José María Gutiérrez, presidente del Consejo Nacional de Educación en su nombramiento en 1895 por el presidente José Evaristo Uriburu, afirmó en su discurso: “No se ha buscado el lujo vano que esteriliza los capitales y que desaparece sin dejar tras sí ningún fruto saludable y útil. Se han consultado los adelantos modernos, teniendo en vista la instalación apropiada, la armonía y severidad de las líneas, la amplitud del espacio, la abundancia y discreta distribución del aire y de la luz, sin las cuales la infancia, como las flores, lleva el sello del aniquilamiento, de las deformidades y del fin prematuro”.
Un ejemplo de la importancia de la temática se demuestra con el hecho que el 25 de mayo de 1902, en un acto presidido por el representante máximo del gobierno nacional de aquel entonces, Julio A Roca, se inauguraron nada más ni nada menos que 15 escuelas palacios.

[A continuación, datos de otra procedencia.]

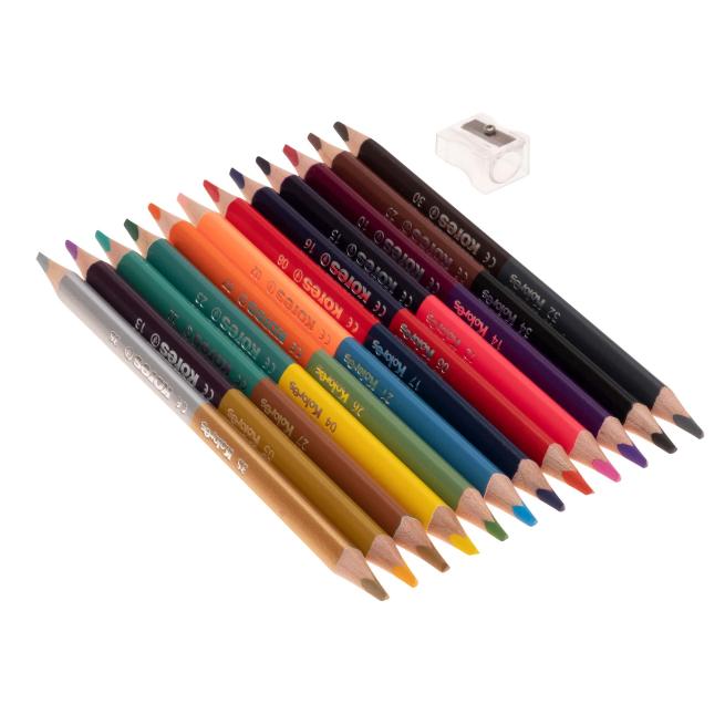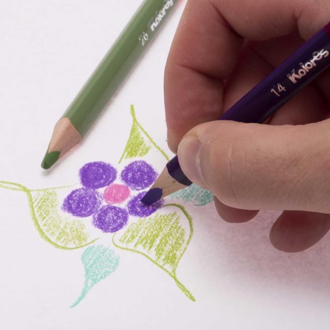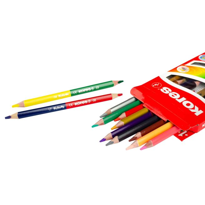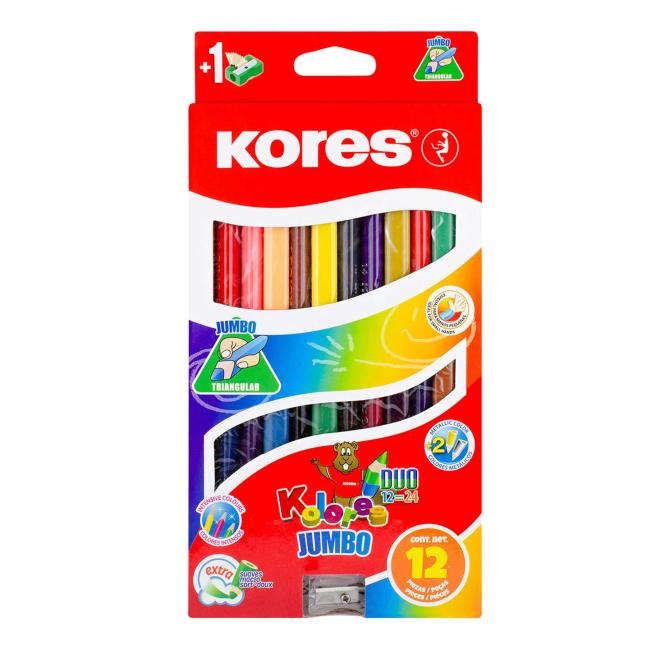 12 Buntstifte und insgesamt 24 Farben. Die kindgerechte Dreikantform liegt bequem und sicher in kleinen Händen. Die bruchsichere Mine ist komplett verklebt. Der Farbauftrag ist besonders einfach. Ein Anspitzer ist enthalten, damit die Stifte stets einsatzbereit sind.
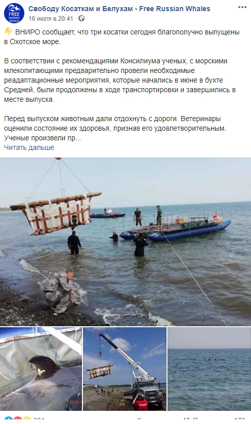 Освобождение косаток и белух, содержавшихся отловщиками в «китовой тюрьме» в бухте Средней, началось 27 июня. На первом этапе операции на волю уплыли две косатки и шесть белух. Три косатки — самец и две самки, за которыми следят сегодня, были выпущены на втором этапе 16 июля.
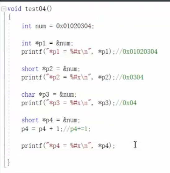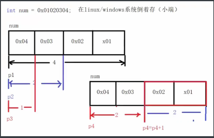 p2=0x0304(p2的指向类型为short类型 short占两个字节)
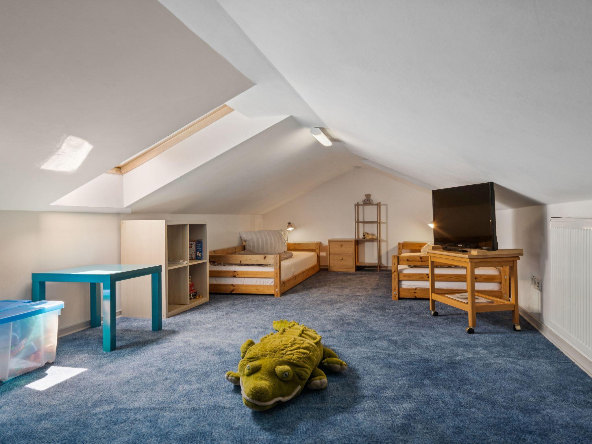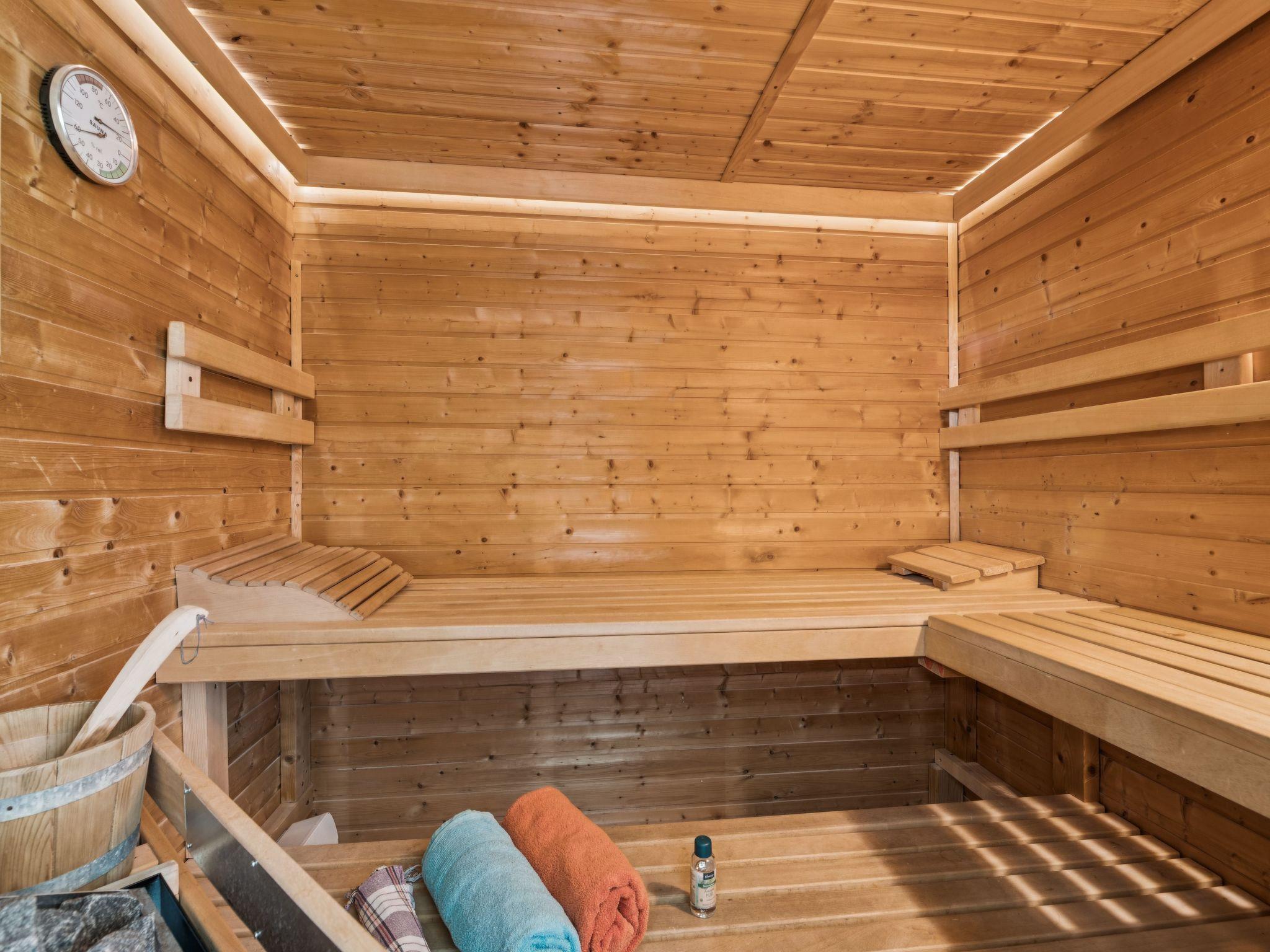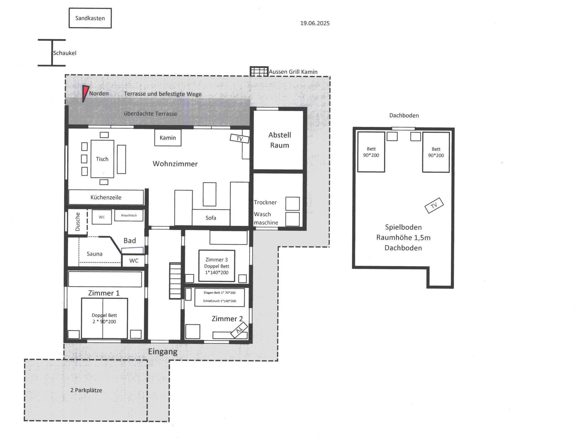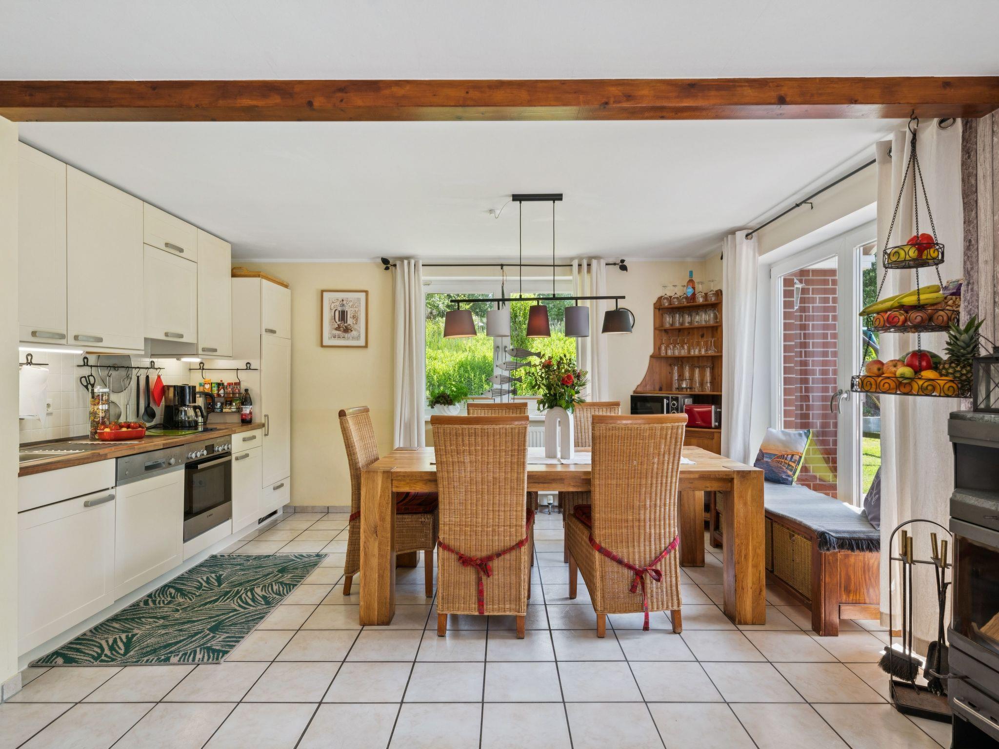 Inside, you will find a large living area with a cosy wood-burning stove, a real leather couch and a 42-inch LED TV, ideal for relaxing evenings. The centrepiece of the house is the wellness bathroom with a sauna that can accommodate up to four people, complemented by a guest WC. Three tastefully furnished bedrooms and a play loft provide ample space for peace and privacy. Underfloor heating, a comprehensive selection of games and a fibre-optic WLAN connection add to the sense of well-being. The kitchen is fully equipped and a storage room with washing machine and tumble dryer round off the offer.

Y, si bien esos edificios imponentes, duros y caros de mantener, hoy no son tan útiles ni funcionales al sistema educativo; es interesante pensar el lugar que ocupaba la educación en las medidas gubernamentales y el valor que los funcionarios les otorgaban a las infancias.
La educación era el foco y el faro de las políticas públicas, un principio que 150 años después a veces algunos burócratas ponen en duda.